(Beginning of DATASET RECORDS)

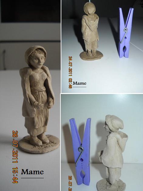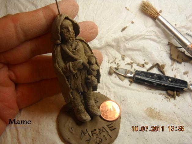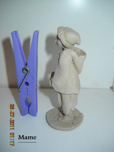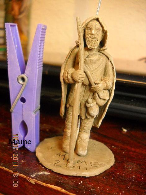 Pues que te voy a decir yo que no te hayan dicho los demás, se nota que cada vez tienes más soltura con el barro aunque como bien dices con el calor seguro que te ha costado sudor y lágrimas el terminar la figura, pero se te ha quedado estupenda, me encanta y el detalle de la "cantimplora calabaza" me ha gustado muchísimo jejeje Preciosa, si señor y con la buena mano que tiene Andrés con la pintura seguro que se queda espectacular.FELICIDADES DE NUEVO.
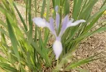 扁竹兰是鸢尾科鸢尾属植物,多年生草本。根状茎横走,直径4-7毫米,黄褐色,节明显,节间较长;须根多分枝,黄褐色或浅黄色。地上茎直立。叶10余枚,密集于茎顶,基部鞘状,互相嵌迭,排列成扇状,叶片宽剑形,…全部>>
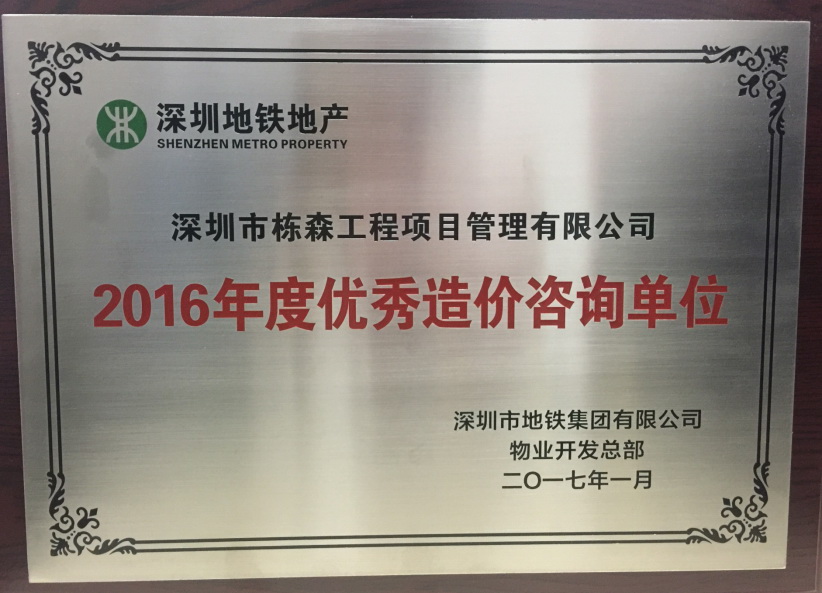 深圳市地鐵集團有限公司物業開發總部2016年度優秀造價咨詢單位
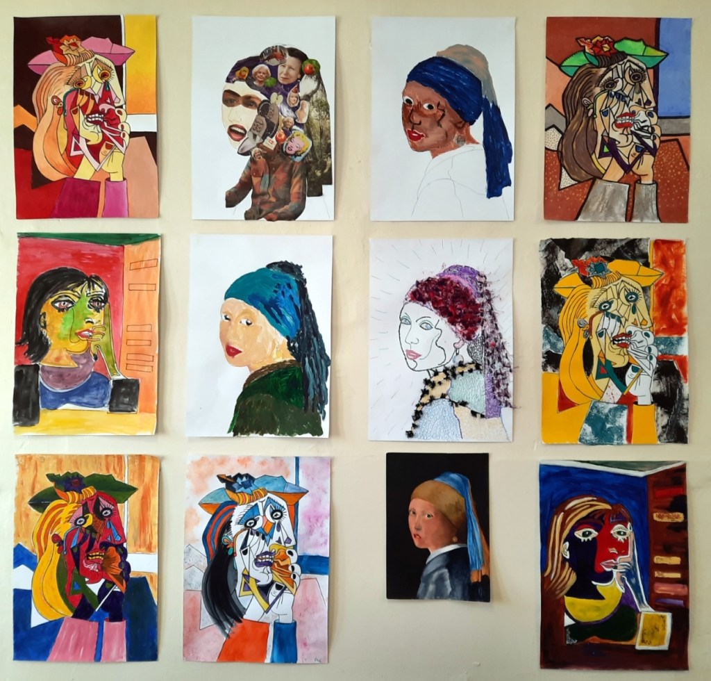 This year it was decided to have everyone work, in their groups, on specially chosen master works by artists like Picasso, Vermeer etc. We were all given an outline copy of the artwork to work on in whatever way we chose. You can see some of the results below. Our room sure looked brighter when they were all put up. For the privilege of this experience, we each made a donation, and supplied ourselves with morning tea.
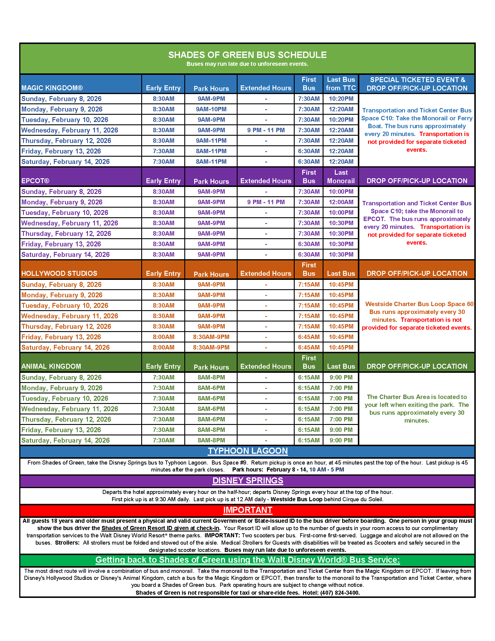 Due to the limited number of passengers (30-33 max) allowed you may be required to wait for the next bus. We understand the difficulty of waiting for transportation to and from the parks and we apologize for any inconvenience this may cause. While on the bus we ask that your party sit together, be courteous to your fellow passengers and follow the safety guidelines outlined on the back. No eating or drinking while on the bus. Shades of Green is not responsible for taxi or share ride fees if you choose not to wait for one of our buses.
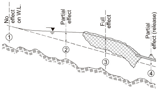 The sheet ice and ice jam “envelope” lines shown in Figure 2 can readily be calculated if local channel bathymetry and slope are known, using either analytical or numerical techniques [3,28,29]. The various ways in which an ice jam may affect the peak water level at a specific river site, say a gauge site, are illustrated in Figure 3 and described below.
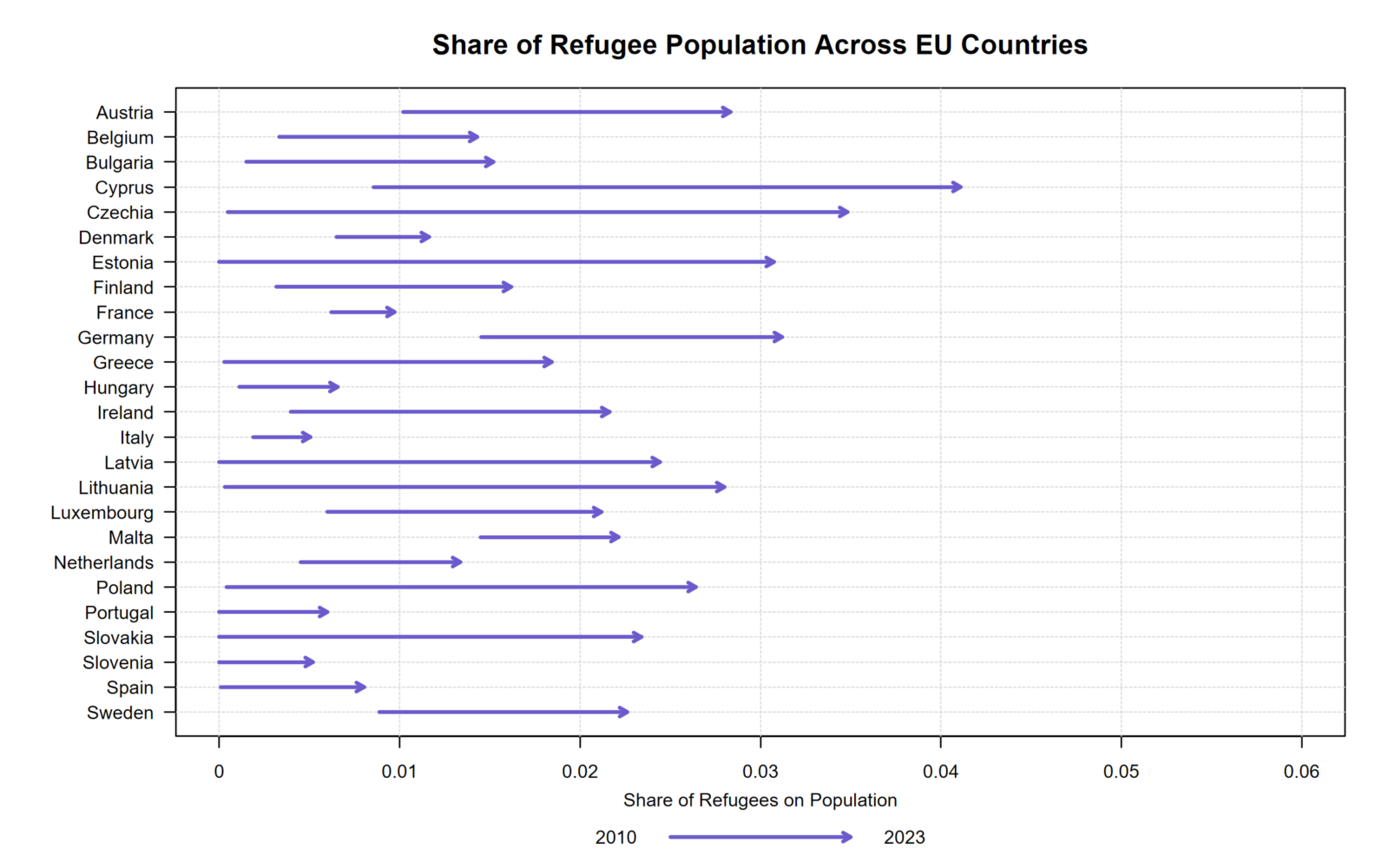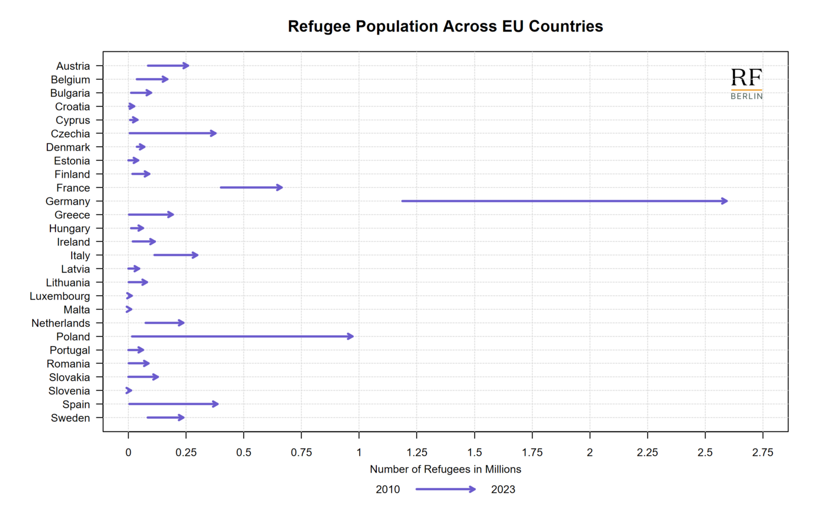 Figure 7 shows the change in the refugee population between 2010 and 2023 across the 27 EU countries. Germany, Poland, Spain, Czechia, and France experienced the largest growth in the number of refugees, with Germany seeing its refugee population double over the period, reaching 2.6 million by 2023 (3.1% of the total population and 14.9% of the foreign-born population)[3]. Overall, the EU’s refugee population increased from 2.1 million in 2010 to 7.4 million in 2023 (i.e., from 0.5% to 1.7% of the total population and from 5.1% to 12.2% of the foreign-born population)[4].
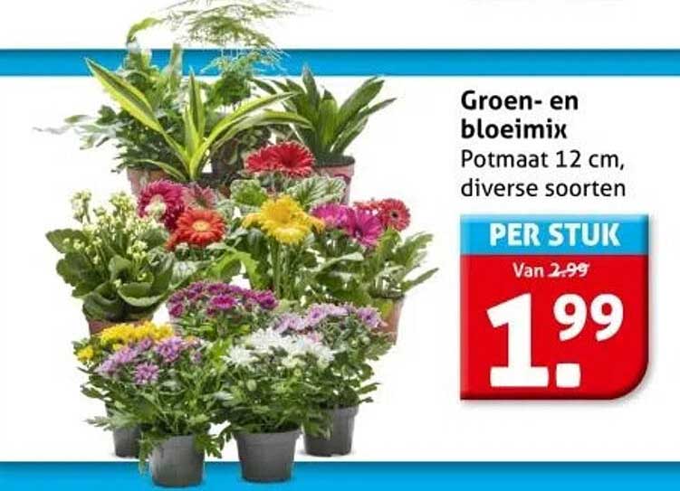 De groen- en bloeimix is tijdelijk verkrijgbaar voor slechts €1,99 per stuk, waar de normale prijs €2,99 is. Dit betekent dat je maar liefst €1,00 bespaart! Dit is een uitstekende kans om je huis of tuin op te fleuren zonder je budget te overschrijden.

(End of DATASET RECORDS)

Make an exact copy of the lines above, beginning with the line with "深圳市地鐵集團有限公司物業開發總部2016年度優秀造價咨詢單位" and ending with the line with "This year it", and keep the pictures out of it.

• RESULT:
 深圳市地鐵集團有限公司物業開發總部2016年度優秀造價咨詢單位
 This year it was decided to have everyone work, in their groups, on specially chosen master works by artists like Picasso, Vermeer etc. We were all given an outline copy of the artwork to work on in whatever way we chose. You can see some of the results below. Our room sure looked brighter when they were all put up. For the privilege of this experience, we each made a donation, and supplied ourselves with morning tea.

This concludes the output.